:: Data records ::
*** Begin section ***

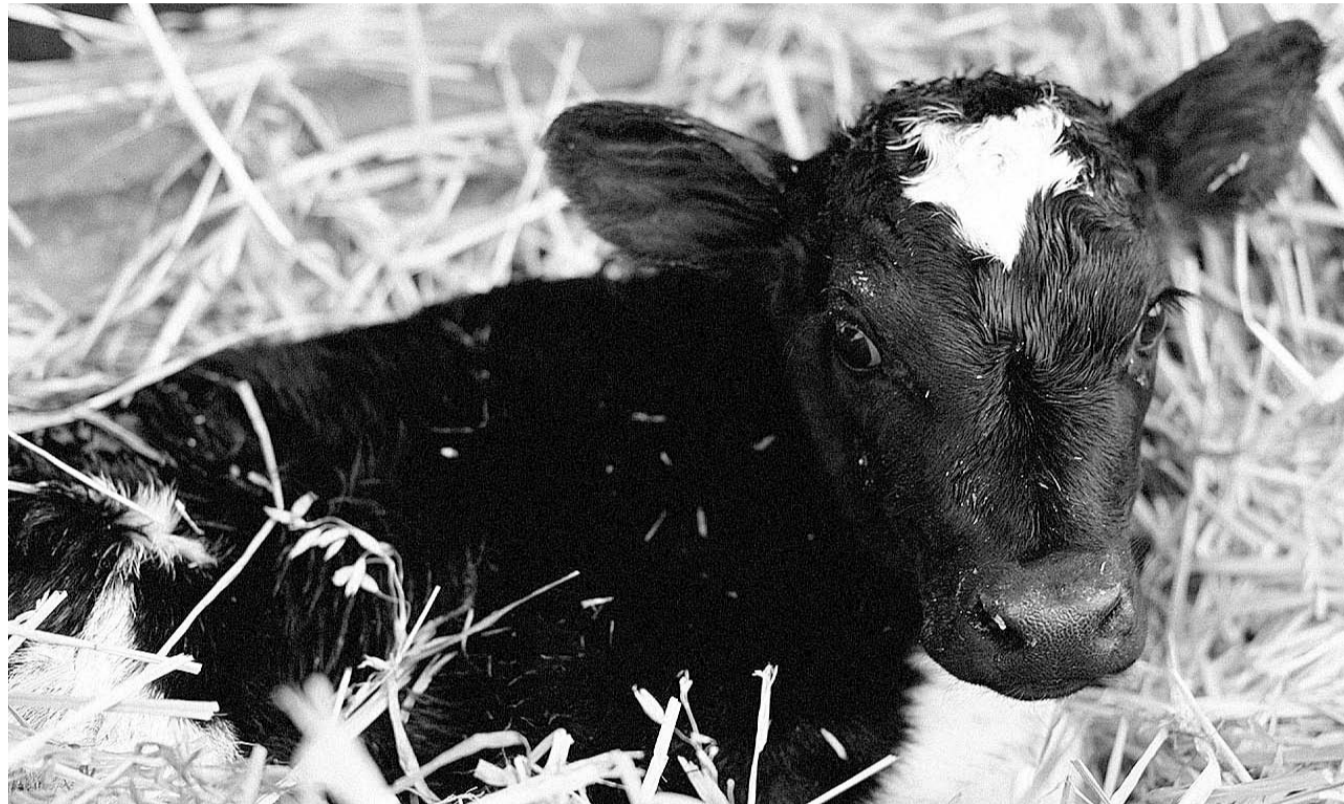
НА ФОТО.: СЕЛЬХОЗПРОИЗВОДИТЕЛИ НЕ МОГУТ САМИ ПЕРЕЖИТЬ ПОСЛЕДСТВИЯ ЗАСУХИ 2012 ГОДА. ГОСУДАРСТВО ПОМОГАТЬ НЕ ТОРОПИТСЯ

*** End section ***
*** Begin section ***

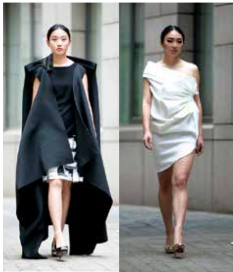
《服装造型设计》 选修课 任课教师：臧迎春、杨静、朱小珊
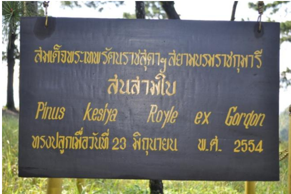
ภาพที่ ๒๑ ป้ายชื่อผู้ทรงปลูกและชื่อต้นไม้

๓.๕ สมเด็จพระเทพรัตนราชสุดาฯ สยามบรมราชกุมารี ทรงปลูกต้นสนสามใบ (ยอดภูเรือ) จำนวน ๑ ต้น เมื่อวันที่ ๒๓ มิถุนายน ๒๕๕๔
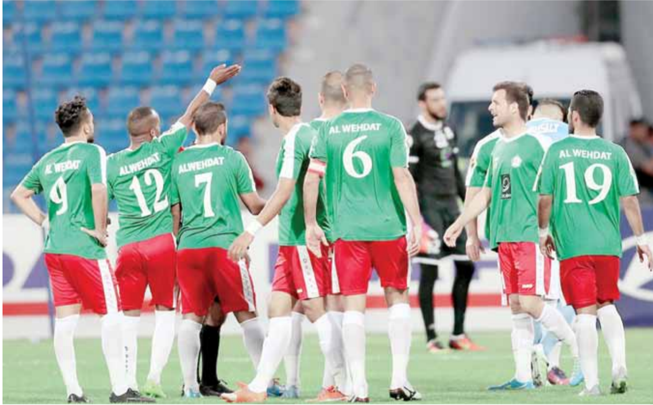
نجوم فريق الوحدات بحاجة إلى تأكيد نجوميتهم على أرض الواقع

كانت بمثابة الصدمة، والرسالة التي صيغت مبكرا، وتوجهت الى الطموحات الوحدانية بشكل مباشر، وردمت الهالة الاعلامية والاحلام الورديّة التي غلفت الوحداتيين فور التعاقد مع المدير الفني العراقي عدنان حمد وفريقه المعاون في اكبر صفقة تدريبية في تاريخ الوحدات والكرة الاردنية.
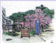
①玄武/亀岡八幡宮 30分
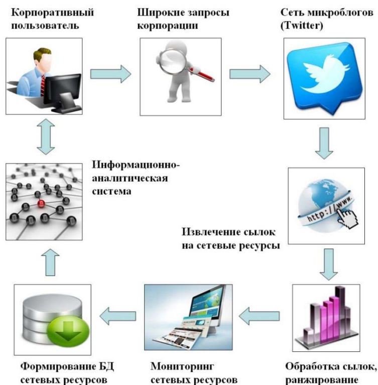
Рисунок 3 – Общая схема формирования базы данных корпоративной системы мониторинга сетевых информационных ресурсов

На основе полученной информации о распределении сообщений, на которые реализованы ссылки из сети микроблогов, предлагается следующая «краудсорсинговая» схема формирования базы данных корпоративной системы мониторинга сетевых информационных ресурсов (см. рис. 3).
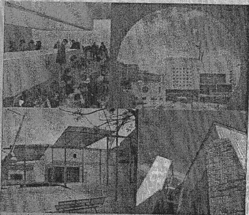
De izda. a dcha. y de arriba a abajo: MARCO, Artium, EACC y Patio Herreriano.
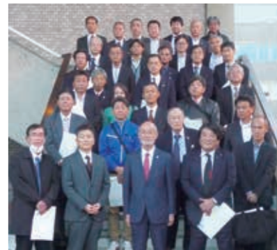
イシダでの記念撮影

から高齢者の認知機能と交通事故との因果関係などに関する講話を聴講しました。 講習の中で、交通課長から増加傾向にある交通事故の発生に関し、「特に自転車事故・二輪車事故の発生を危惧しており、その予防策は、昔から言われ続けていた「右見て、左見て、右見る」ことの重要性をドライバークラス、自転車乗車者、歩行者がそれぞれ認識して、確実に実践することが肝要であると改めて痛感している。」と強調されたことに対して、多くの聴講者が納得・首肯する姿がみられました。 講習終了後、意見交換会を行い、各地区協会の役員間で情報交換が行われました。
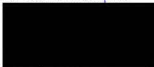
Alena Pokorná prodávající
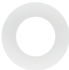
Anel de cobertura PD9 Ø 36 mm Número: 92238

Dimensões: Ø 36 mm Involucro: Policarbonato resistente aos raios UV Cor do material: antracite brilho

*** End section ***

:: Activity ::
Copy out every line from the data above that has "схема" in it.

:: Result for this exercise ::
Рисунок 3 – Общая схема формирования базы данных корпоративной системы мониторинга сетевых информационных ресурсов
На основе полученной информации о распределении сообщений, на которые реализованы ссылки из сети микроблогов, предлагается следующая «краудсорсинговая» схема формирования базы данных корпоративной системы мониторинга сетевых информационных ресурсов (см. рис. 3).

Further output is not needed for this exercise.